For the full documentation you can look [here](https://platform.openai.com/docs/api-reference/chat/create) but here are my favorite parameters.

### Controlling OpenAI chat model behaviour
You can pass more arguments to control the behaviour of the model
- `max_completion_tokens`: An upper bound for the number of tokens that can be generated for a completion, including visible output tokens and reasoning tokens.
- `temperature`: What sampling temperature to use, between 0 and 2. Higher values like 0.8 will make the output more random, while lower values like 0.2 will make it more focused and deterministic. OpenAI documentation generally recommend altering this or top_p but not both.

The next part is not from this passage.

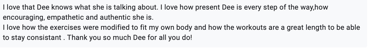 Imagine pushing yourself without making your prolapse or diastasis worse, adding more weight, and having support on live calls that is geared towards you - just like this client that lives in Australia!

### Controlling OpenAI response's additional information
- `response_format`: An object specifying the format that the model must output. Compatible with GPT-4o, GPT-4o mini. Typically used to return a JSON

- `n`: How many chat completion choices to generate for each input message. Note that you will be charged based on the number of generated tokens across all of the choices. Keep n as 1 to minimize costs.

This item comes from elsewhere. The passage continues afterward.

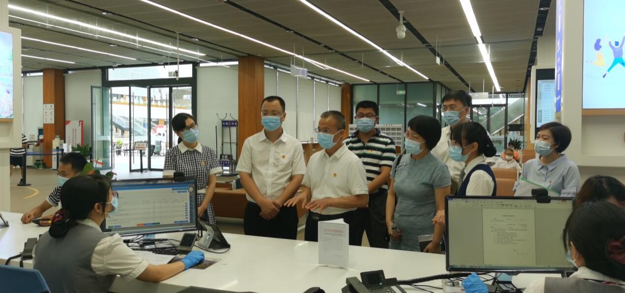 7月6日上午,在市政务服务数据管理局局长陈东成陪同下,市卫生健康局叶向阳局长在市民服务中心不动产公积金业务区、综合服务一、二区等多个区域进行走访调研,学习了不动产公积金部门的先进工作经验;详细了解市卫生健康局涉企事项流程(不见面审批服务),医师、护士执业注册收件、出证流程,窗口办事效率以及企业群众的难点痛点问题。现场工作人员给予一一解答,并演示了多类业务的办理流程。随后,叶向阳局长走访慰问进驻市民服务中心后台工作人员,听取了关于市卫生健康系统政务服务工作情况的汇报,并勉励工作人员继续保持认真、热情和严谨的工作态度,为群众提供优质高效的贴心服务。

### Open AI chat model - Very Advanced ðŸ’ª
- `frequency_penalty`: Number between -2.0 and 2.0. Higher increase token diversity.
- `presence_penalty`: Number between -2.0 and 2.0. Hier increase token diversity. Inddded, positive values penalize new tokens based on whether they appear in the text so far.
- `top_p`: Changes the pool of token to sample from. So 0.1 means only the tokens comprising the top 10% probability mass are considered.

The following two are most used for evaluation / audit.
- `logprobs` (default to `False`): Whether to return log probabilities of the output tokens or not. If true, returns the log probabilities of each output token returned in the content of message
- `top_logprobs` (default to `null`): An integer between 0 and 20 specifying the number of most likely tokens to return at each token position, each with an associated log probability. logprobs must be set to true if this parameter is use

## Streaming
Without streaming you have to wait until the full response is created by the model to see it.
With **streaming** you see each token as soos as they are generated, like in the ChatGPT interface. Streaming provide a much better user experience.
Otherwise, if you don't have user-facing apps, you may not need it.

In [8]:
from openai import OpenAI

client = OpenAI(api_key=OPENAI_API_KEY)

stream = client.chat.completions.create(
    model="gpt-4o-mini",
    messages=[{"role": "user", "content": "Tell me a very short poem about an astronaut on the Moon"}],
    stream=True,
)
for chunk in stream:
    if chunk.choices[0].delta.content is not None:
        print(chunk.choices[0].delta.content, end="")

In silence deep, where shadows play,  
An astronaut treads on silver gray.  
Stars like diamonds blink above,  
In the vast stillness, whispers of love.